Thomas Patrick Tomich (born September 8, 1956) is an American researcher in the field of sustainable agriculture. He researches a variety of subjects, including agriculture, natural resource management, food policy, and economic development. He is the founding director of the Agricultural Sustainability Institute at University of California, Davis and an elected fellow of the American Association for the Advancement of Science. Tomich advocates for immediate and strategic action on the part of the research community to apply current scientific knowledge to address world-wide issues relating to climate change.

==Education==
Thomas Patrick Tomich was born on September 8, 1956, in San Jose, California, to parents Lillian and Thomas Tomich. His family owned a fruit orchard in Orangevale, established by Thomas P. Tomich's great-grandparents in 1897. Tomich graduated from University of California, Davis with a bachelor's in economics in 1979. He attended Stanford University for his Master of Arts degree, graduating in 1982. He also received a PhD in agricultural and food system economics from Stanford, graduating in 1984.

==Career==
Tomich worked for the Harvard Institute for International Development for ten years as a policy advisor and institute associate. From 1994-2006, he worked for the World Agroforestry Centre as principal economist and global coordinator of the ASB Partnership for the Tropical Forest Margins. He has been a professor at UC Davis since 2007. There, he is the founding director of the Agricultural Sustainability Institute.
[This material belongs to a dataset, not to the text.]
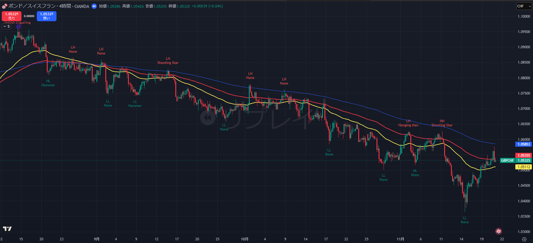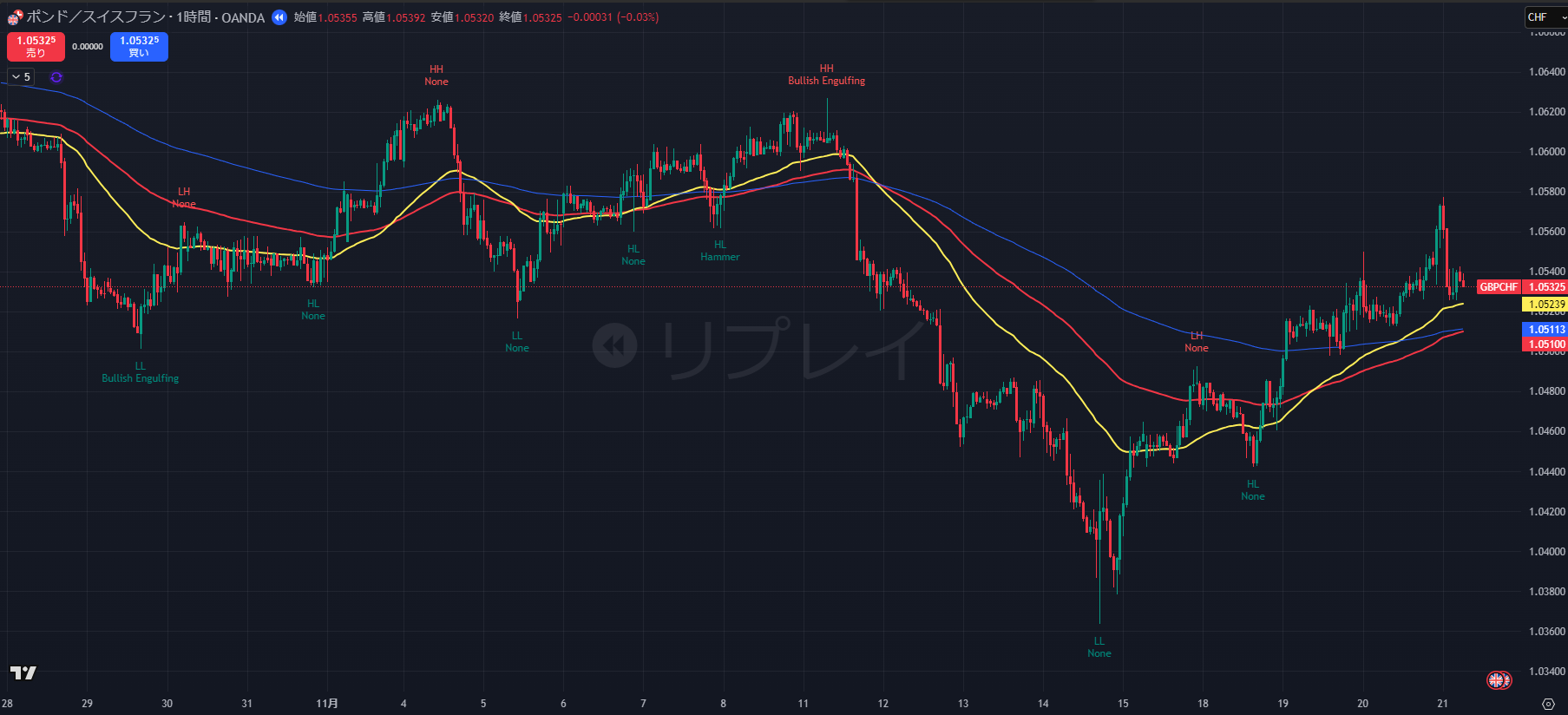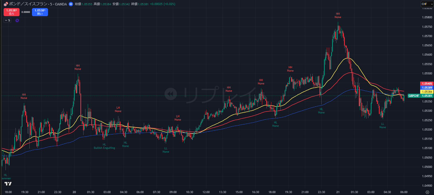 - ラスト押し安値 / 戻り高値: ラスト押し安値は 1.05193 / 戻り高値は現在の上昇トレンドにおいては存在せず。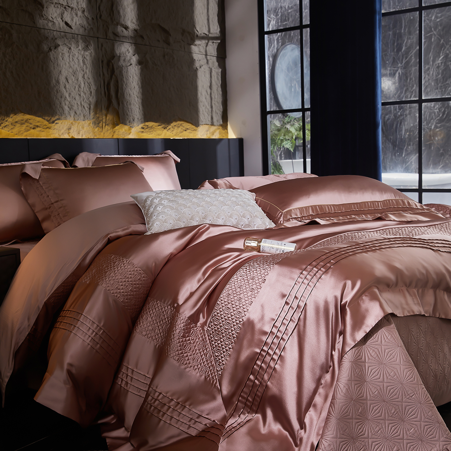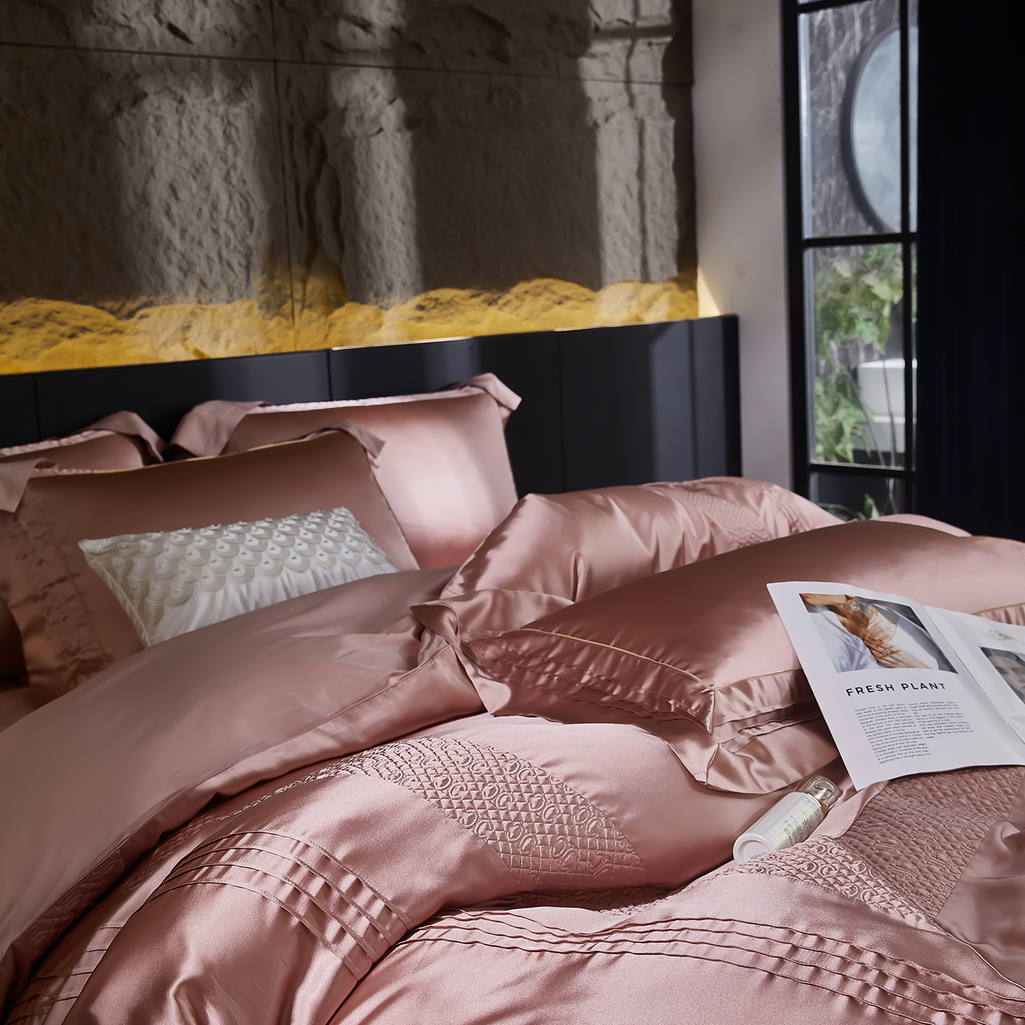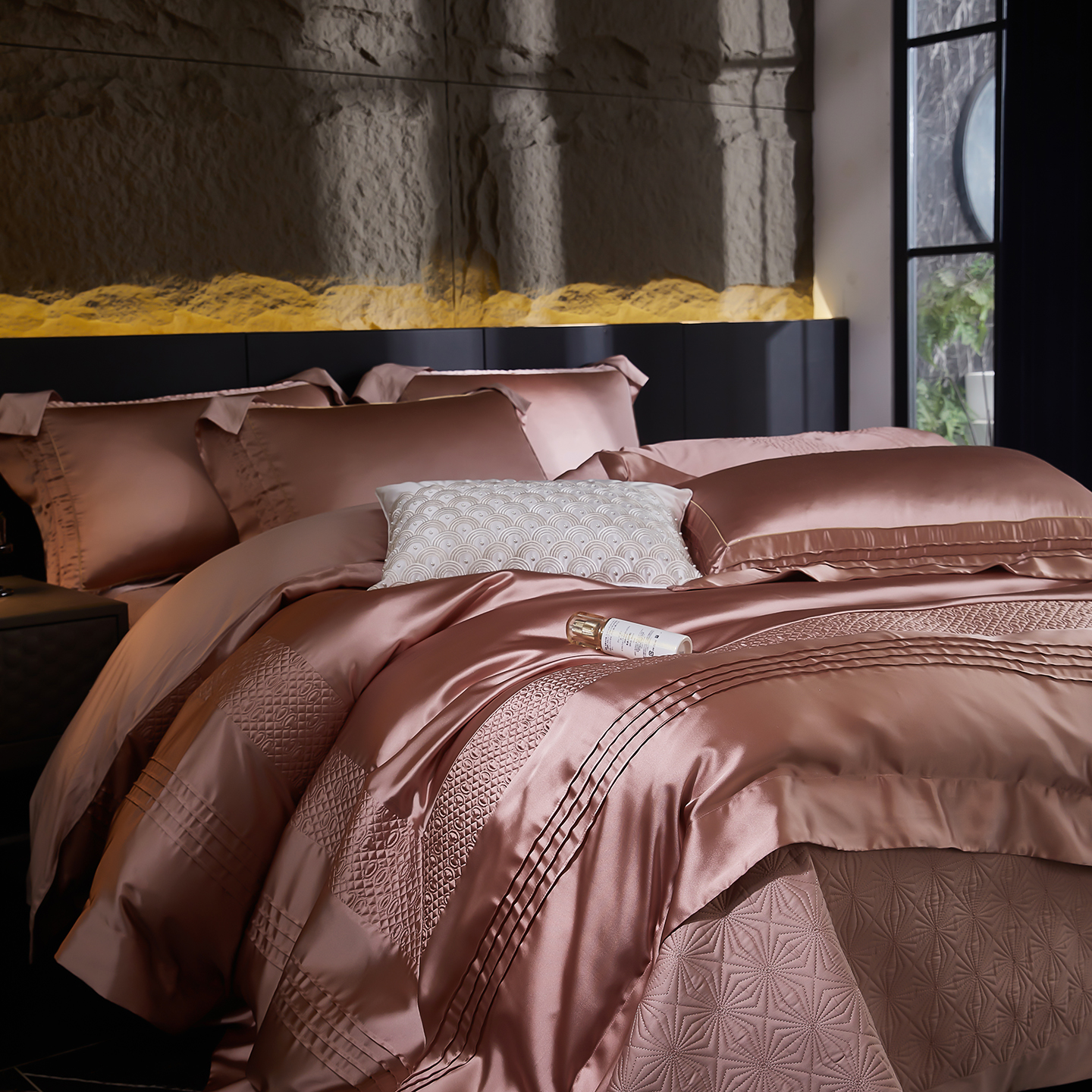 (总)edra 2026新款真丝天丝轻奢提花床盖款四件套-拉斐尔,香槟白,粉,银灰,金咖,蓝

He was also the first holder of the WK Kellogg Endowed Chair in Sustainable Food Systems. He researches a variety of subjects, including agriculture, natural resource management, food policy, and economic development. As of 2015, he is the co-editor of the journal the Annual Review of Environment and Resources.

==Awards and honors==
In 2019, Tomich was elected as a fellow to the American Association for the Advancement of Science.